Вульф опустошил стакан и налил пива из второй бутылки.

— Вас огорчал тот факт, что она не давала возможности вашему брату встать во главе предприятия?

Дэвид попытался было встрять в разговор, но Донна жестом руки остановила его.

— Огорчало? Возможно. Хотя, думаю, правильнее будет сказать — удивляло. Хэрриет было далеко за семьдесят, и мне казалось, что в глубине души ей хочется уйти на покой. Но тем не менее она продолжала держаться за дело.

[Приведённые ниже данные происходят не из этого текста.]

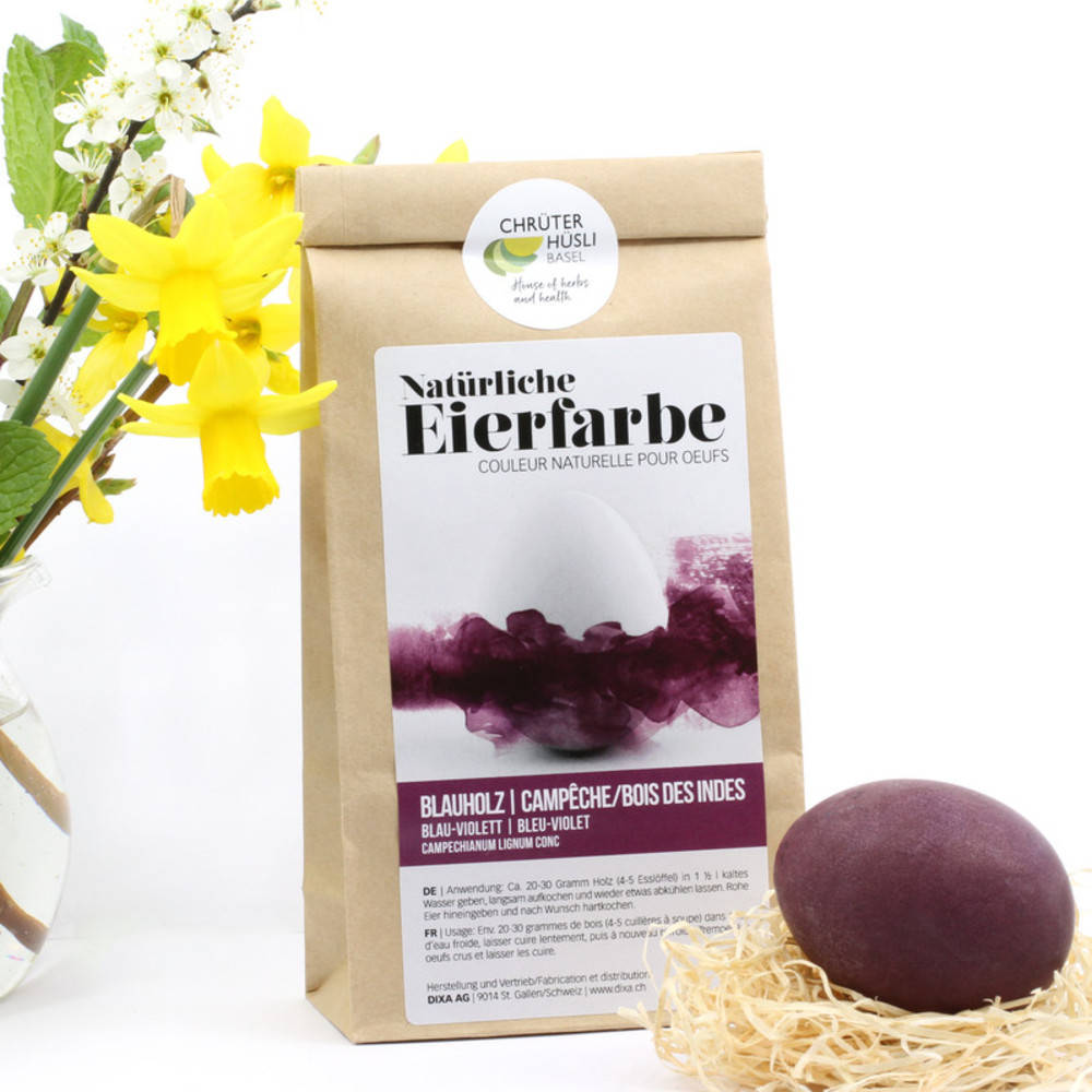 Max. 4 EL Blauholz (20g) in 1.5 lt. kaltes Wasser geben und aufkochen. 10 Min. weiterkochen. Sud absieben und die rohen Eier im dunklen Farbsud während der gewünschten Zeit hart kochen. Vorbehandlung der Eier mit Essig ratsam.

— Она когда-нибудь говорила о намерении уйти?

— Да, за последние годы этот вопрос затрагивался пару раз, но она продолжала настаивать на том, что чувствует себя хорошо и труд только молодит ее.

— О чем вы говорили с ней в пятницу?

— Это был непростой разговор, — ответила Донна, покусывая губы. — С первых же слов она сообщила, что Макларен оказывает сильное давление на всех акционеров, и спросила, обращался ли он ко мне.

— А он обращался?

— Нет. Хотя Дэвид предупреждал, что я услышу Макларена, как только вернусь из Европы. Так или иначе, но Хэрриет умоляла меня продать мою долю в фонд, создание которого она планировала. Она просила меня не продавать мой пакет Макларену. Хэрриет всегда отличалась непростым нравом. Но в такой ярости, как в пятницу, я ее никогда не видела.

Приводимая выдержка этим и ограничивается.